Data provided:
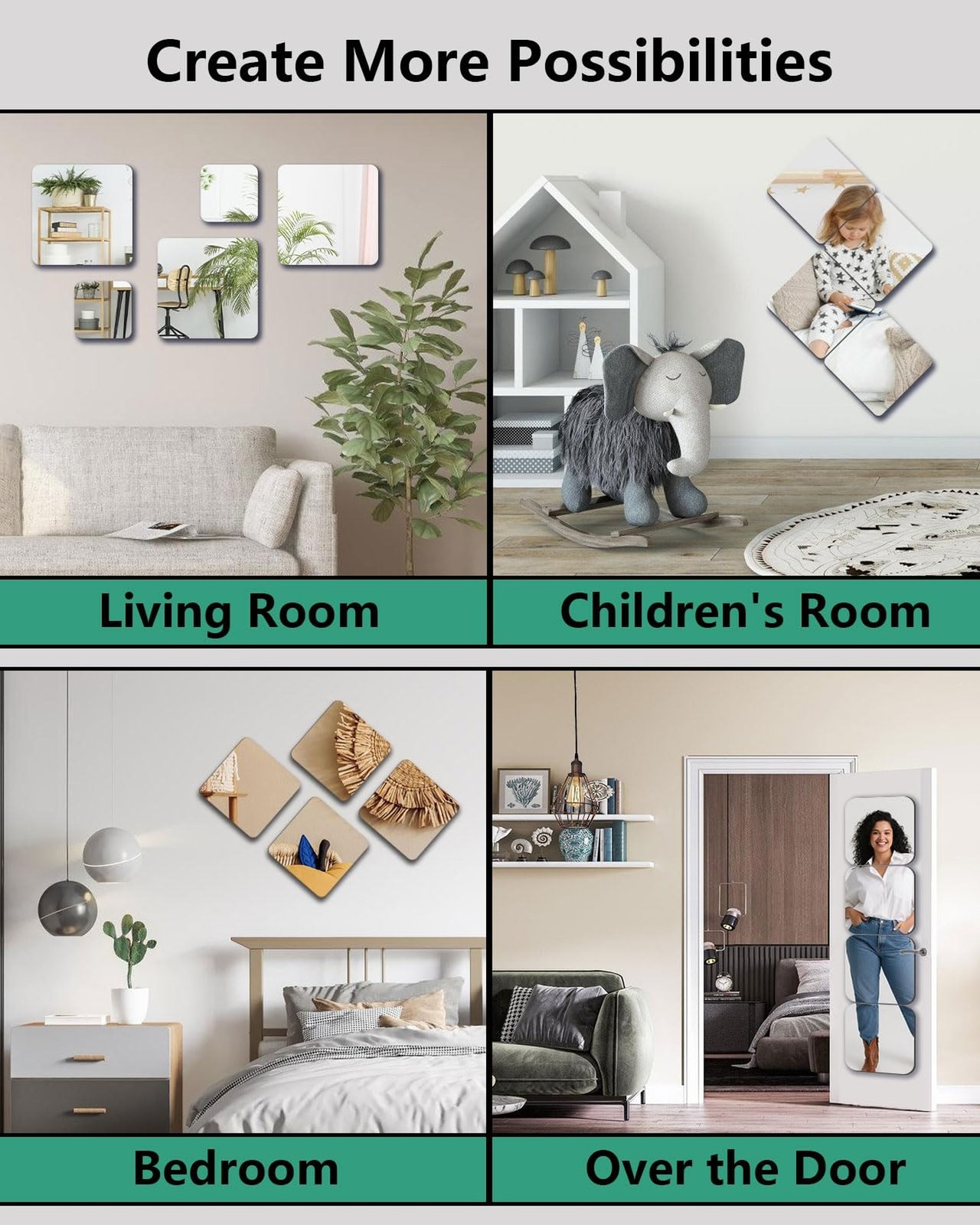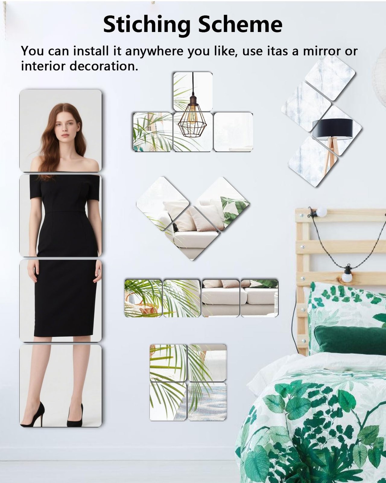 Shatterproof Peel and Stick on Mirror Tiles for Wall Decorative, 8 pcs 8 8221;x
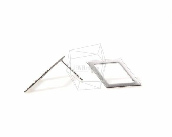 ERG-240-MR/4Pcs-Diamond Shape Ear Post/ 13mm x 22mm /Matte Rhodium Plated over Brass
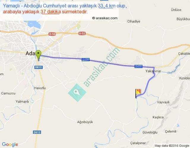 Yamaçlı - Abdioğlu Cumhuriyet arası yaklaşık olarak 90 km/h ile yukarıda belirtilen sürede olup, iki yerin kuş uçuşu uzaklığı (mesafesi) 21'dir. Yolculuk otobüsle 48 dakika sürmektedir.
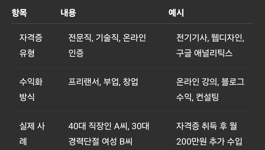 이처럼 자격증과 기술은 나이, 성별, 전공과 상관없이 누구나 새로운 수익의 문을 열 수 있는 열쇠가 됩니다. 특히 디지털 전환이 가속화된 시대에는 실무형 기술이 결합된 자격증이 더욱 큰 가치를 가집니다.
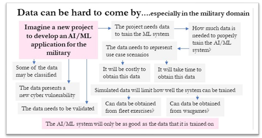 军事领域对开发训练数据集提出了一些独特的挑战——数据可能被分类,数据可能存在网络漏洞(它可能被攻击并被对手故意破坏),如果数据不存在,它可能需要从军事/舰队演习或兵棋推演中获得。数据验证也是一项具有挑战性的工作。
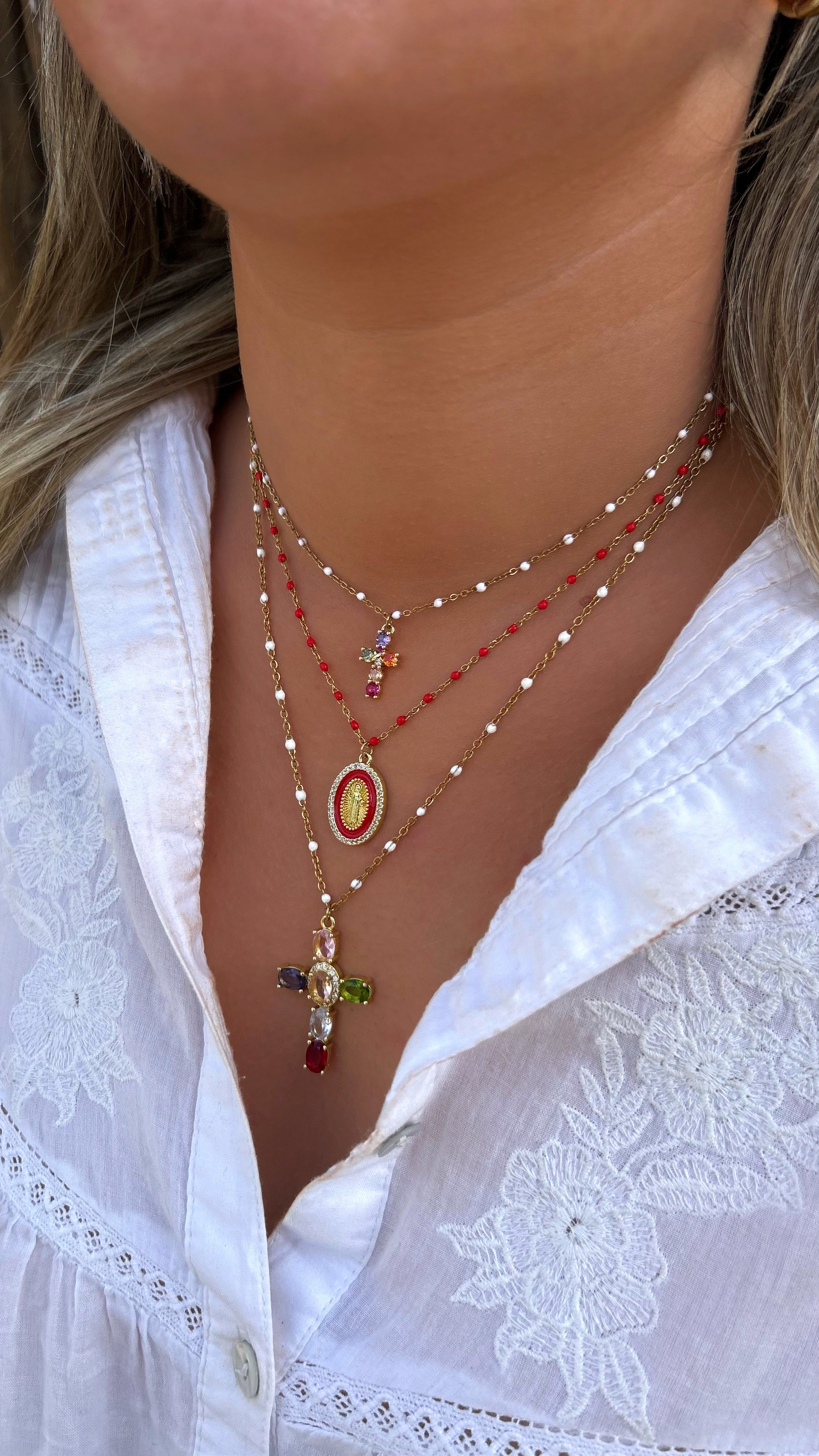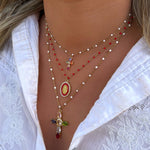 Adjustable necklace with fine colored beads and a Virgin pendant decorated with rhinestones.

The problem:
Quote only the lines that start at the line holding "Yamaçlı - Abdioğlu" and end at the last line of the entries, including both of those lines, and omit every picture.

Response to the exercise:
 Yamaçlı - Abdioğlu Cumhuriyet arası yaklaşık olarak 90 km/h ile yukarıda belirtilen sürede olup, iki yerin kuş uçuşu uzaklığı (mesafesi) 21'dir. Yolculuk otobüsle 48 dakika sürmektedir.
 이처럼 자격증과 기술은 나이, 성별, 전공과 상관없이 누구나 새로운 수익의 문을 열 수 있는 열쇠가 됩니다. 특히 디지털 전환이 가속화된 시대에는 실무형 기술이 결합된 자격증이 더욱 큰 가치를 가집니다.
 军事领域对开发训练数据集提出了一些独特的挑战——数据可能被分类,数据可能存在网络漏洞(它可能被攻击并被对手故意破坏),如果数据不存在,它可能需要从军事/舰队演习或兵棋推演中获得。数据验证也是一项具有挑战性的工作。
 Adjustable necklace with fine colored beads and a Virgin pendant decorated with rhinestones.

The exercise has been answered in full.